:: Brief ::
Copy exactly, from the beginning of the material below, every line up to and including the one holding "随后,由周立华领誓,与会新党员进行了宣誓,老党员重温了入党誓词。", with the pictures left out.

:: Data for this task ::
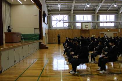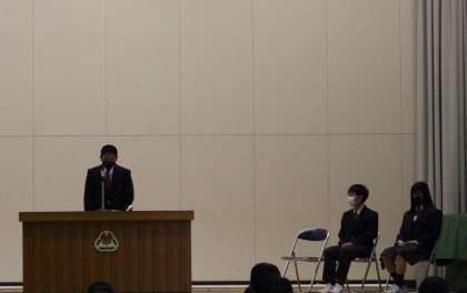 生徒たちは久しぶりの登校で、友達と楽しく元気に過ごしていました。1時間目の全校集会では、校長先生のお話の後、生徒会長や各学年代表から冬休みの振り返りとこれからの抱負が述べられました。
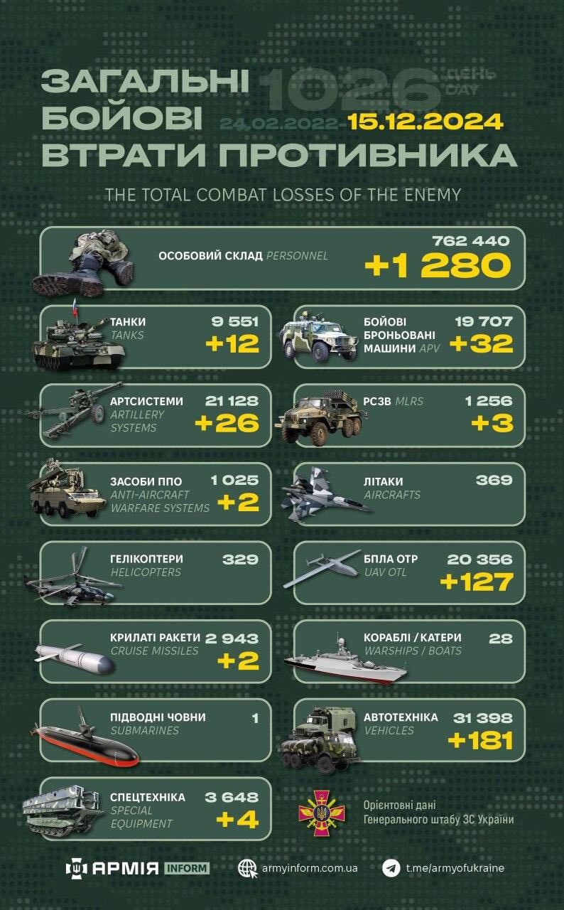 Загальні бойові втрати противника з 24.02.22 по 15.12.24 орієнтовно становлять:
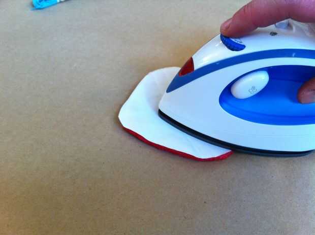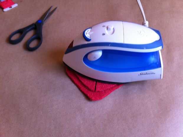 Coloque los dos pedazos más pequeños de la boca en la parte posterior de la pieza más grande de la boca con tan sólo un pequeño espacio entre ellos donde se cortan aparte. Les de hierro en la boquilla más grande. Esto reforzará la boca sin hacer la tela demasiado gruesa para doblar fácilmente.
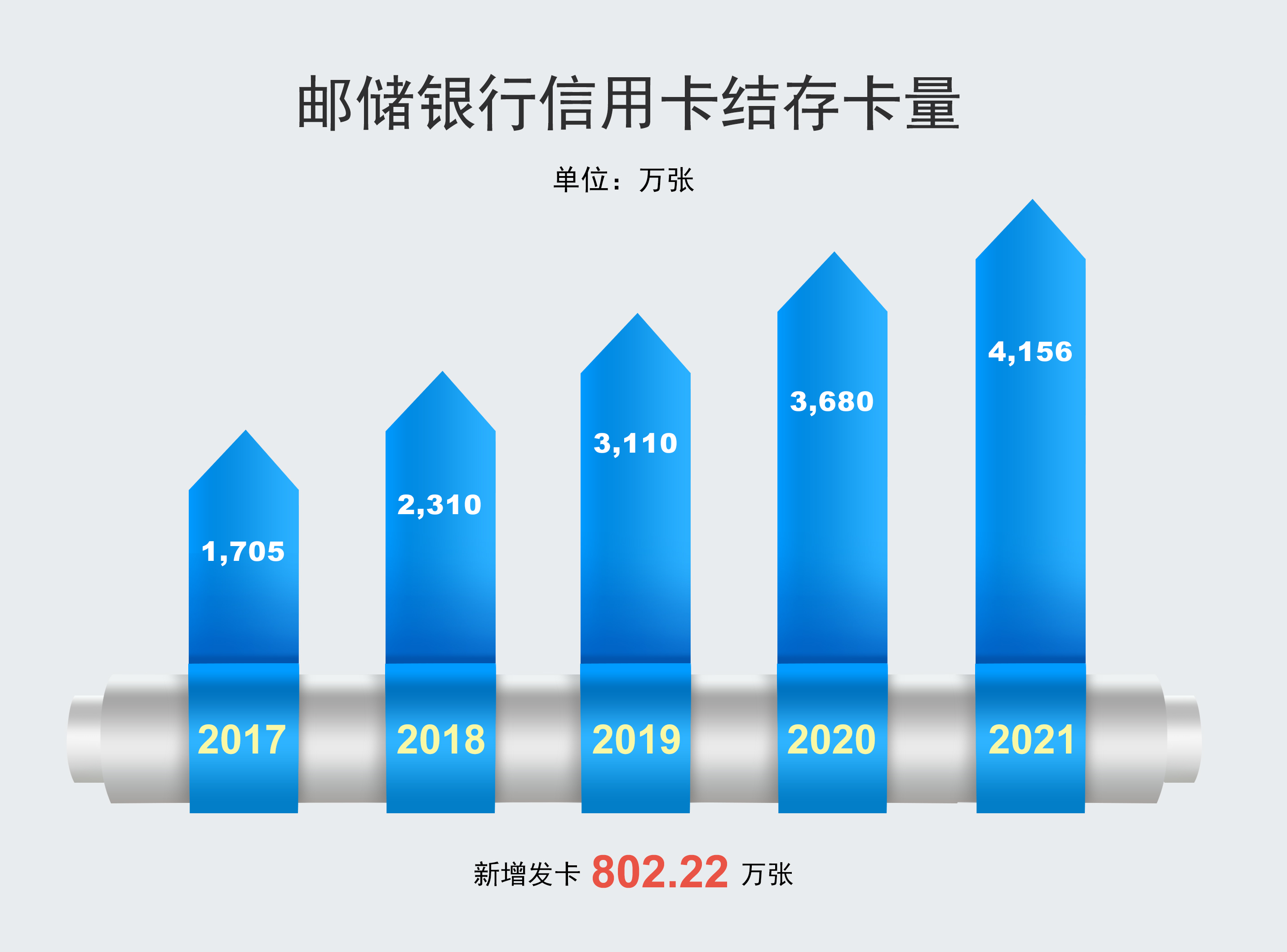 截至2021年末,邮储银行信用卡结存卡量4,155.87万张,较上年末增长12.93%,当年新增发卡802.22万张。
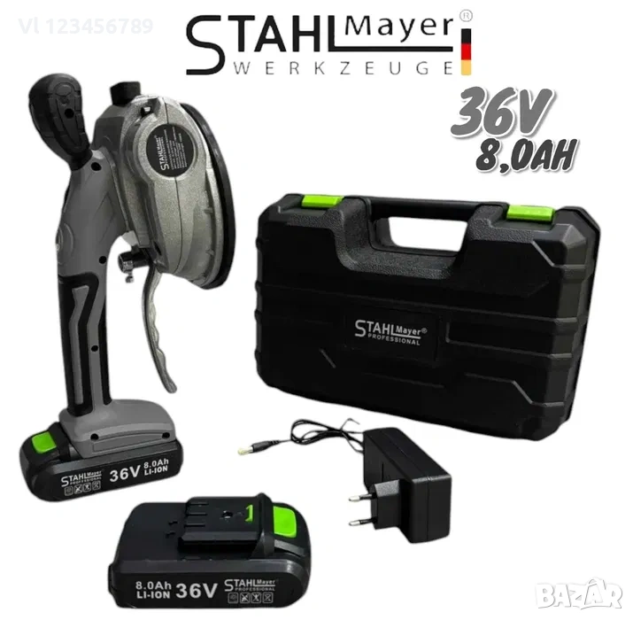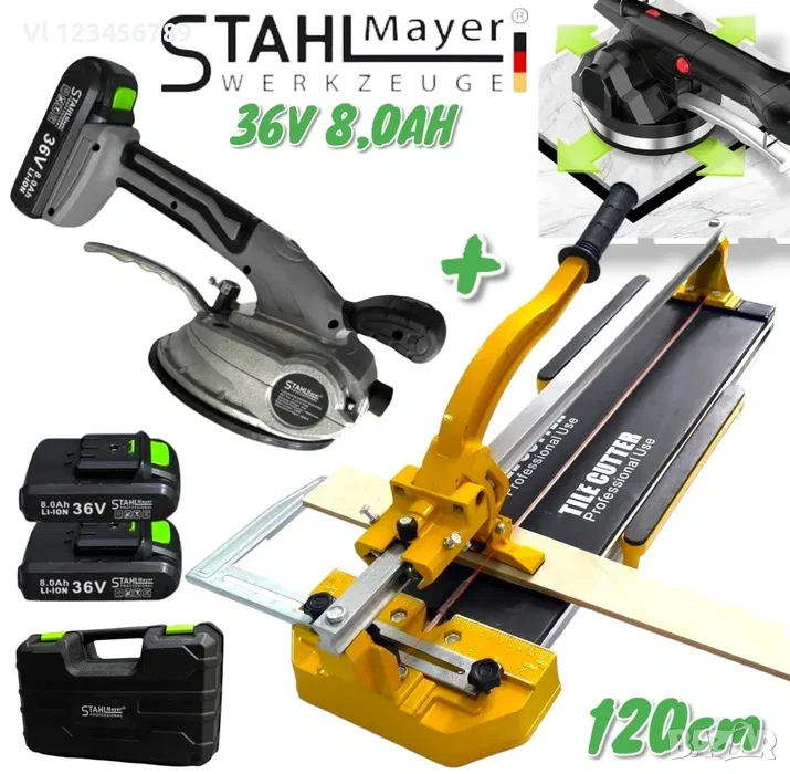 ПРОМО КОМПЛЕКТ Релсова Машина за рязане на плочки с лазер 1200мм + Акумулаторна Вакум Вендуза за Плочки STAHLMAYER 36V 8.0AH 2 броя батерия и куфар.
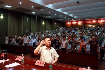 随后,由周立华领誓,与会新党员进行了宣誓,老党员重温了入党誓词。
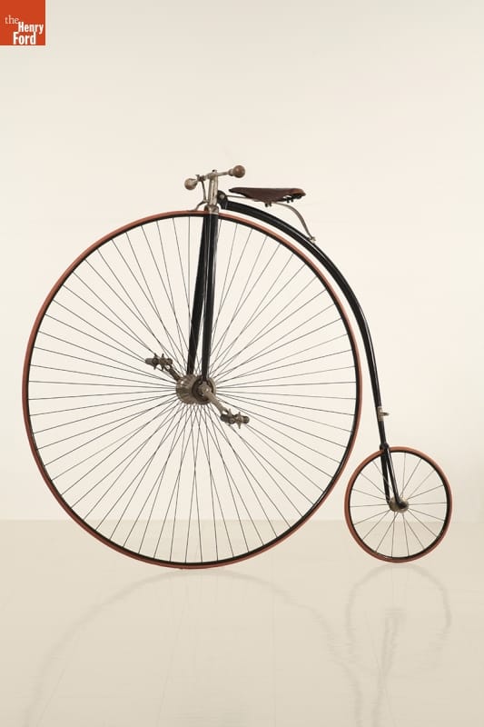 Pope Manufacturing Company manufactured this Expert Columbia bicycle in 1884. By the mid-1880s, the high-wheel ordinary incorporated many innovations such as steel-tube frame construction, ball bearings, and wire wheels with rubber tires. These improvements made the ordinary a popular recreational and sporting machine. But the difficulty in mounting and safety concerns tended to limit its use mainly to athletic young men.
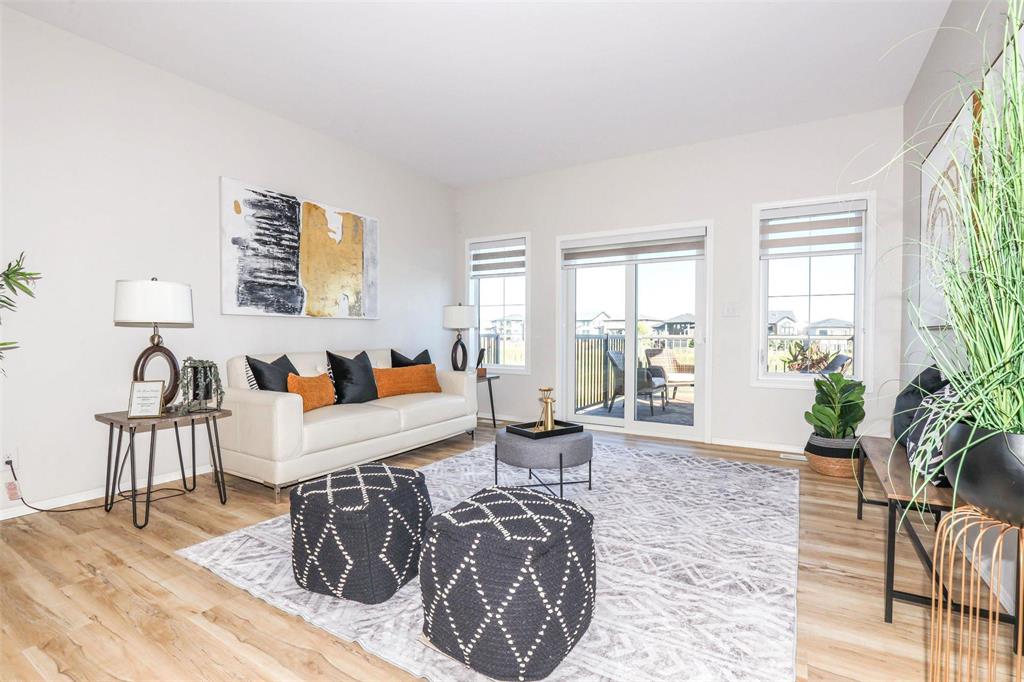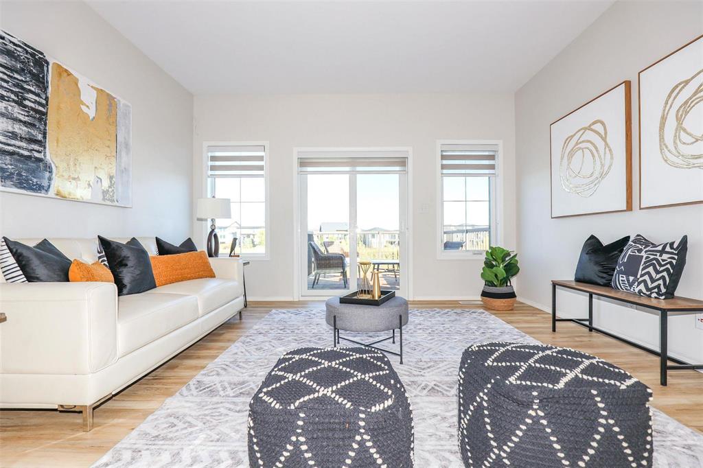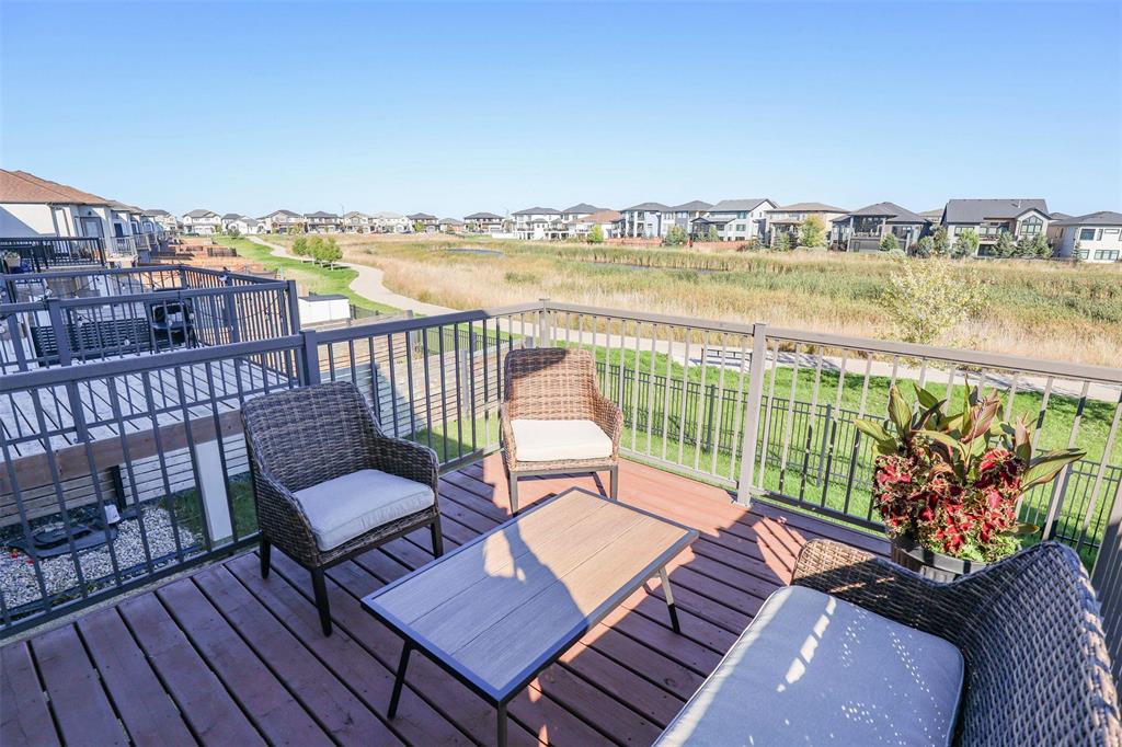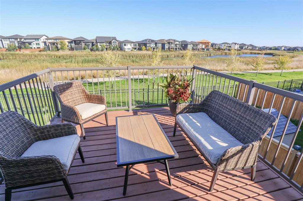 Bridgwater Trails with Lake Views!! This BEAUTIFULLY designed 1,621 sq. ft. semi-attached home offers a walkout basement and a desirable location backing onto the lake with a 11’ x 12’ deck overlooking the water. The main floor features a bright, open-concept layout with 9’ ceilings, and a well-designed kitchen complete with a walk-in pantry, oversized island, pot drawers, pendant lighting, and recessed pot lights. The dining area accommodates a full-sized table and includes a large window with lake views. Additional main floor features include two coat closets and a spacious 2-piece bath that is wheelchair accessible. Upstairs, the primary bedroom offers an 8’ x 5’ walk-in closet, while the conveniently located laundry room provides ample space for folding and ironing. Built on a piled foundation, the home also includes tri-pane windows and a full unspoiled walkout basement with direct access to the beautifully landscaped backyard and lake. Prime Location jsut steps to Bridgwater Centre, shopping,transit,walking trails and the new Altea Active Winnipeg Book your showing TODAY!!
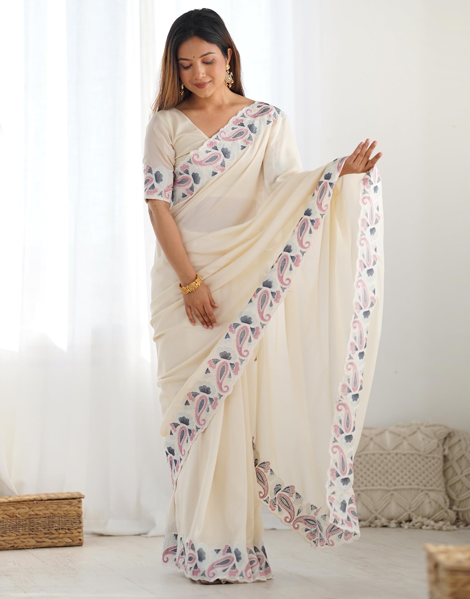 • Saree Fabric: Silk Blend | Blouse Fabric: Silk Blend | Work:: Saree: Embroidery Scalloped Border | Blouse: Embroidery
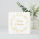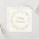 Elegant square invitation for a Christmas party, with a golden illustration of a wreath made from leaves, berries and pine cones. Easy to personalize, perfect to invite with style your people to celebrate together the upcoming holiday season.
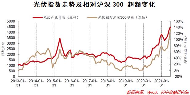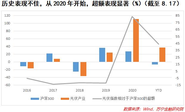 如果分年度来看,则更能够看出差异。在2016-2019年间,光伏指数的表现都要弱于沪深300指数。但从2020年开始,光伏指数开始快速增长。
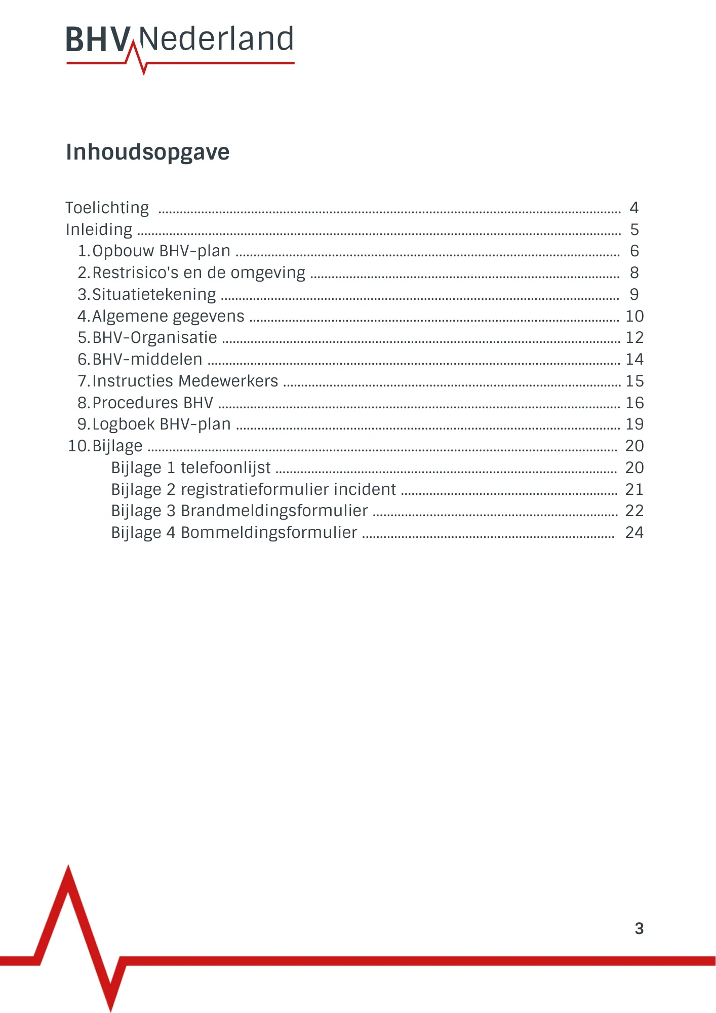 Om een idee te krijgen wat er in een BHV-plan kan staan, hebben wij hieronder een voorbeeld gemaakt. Dit voorbeeld bevat mogelijke onderwerpen van een BHV-plan, dit kan er voor jouw organisatie anders uitzien.

:: Reply to the task ::
 生徒たちは久しぶりの登校で、友達と楽しく元気に過ごしていました。1時間目の全校集会では、校長先生のお話の後、生徒会長や各学年代表から冬休みの振り返りとこれからの抱負が述べられました。
 Загальні бойові втрати противника з 24.02.22 по 15.12.24 орієнтовно становлять:
 Coloque los dos pedazos más pequeños de la boca en la parte posterior de la pieza más grande de la boca con tan sólo un pequeño espacio entre ellos donde se cortan aparte. Les de hierro en la boquilla más grande. Esto reforzará la boca sin hacer la tela demasiado gruesa para doblar fácilmente.
 截至2021年末,邮储银行信用卡结存卡量4,155.87万张,较上年末增长12.93%,当年新增发卡802.22万张。
 ПРОМО КОМПЛЕКТ Релсова Машина за рязане на плочки с лазер 1200мм + Акумулаторна Вакум Вендуза за Плочки STAHLMAYER 36V 8.0AH 2 броя батерия и куфар.
 随后,由周立华领誓,与会新党员进行了宣誓,老党员重温了入党誓词。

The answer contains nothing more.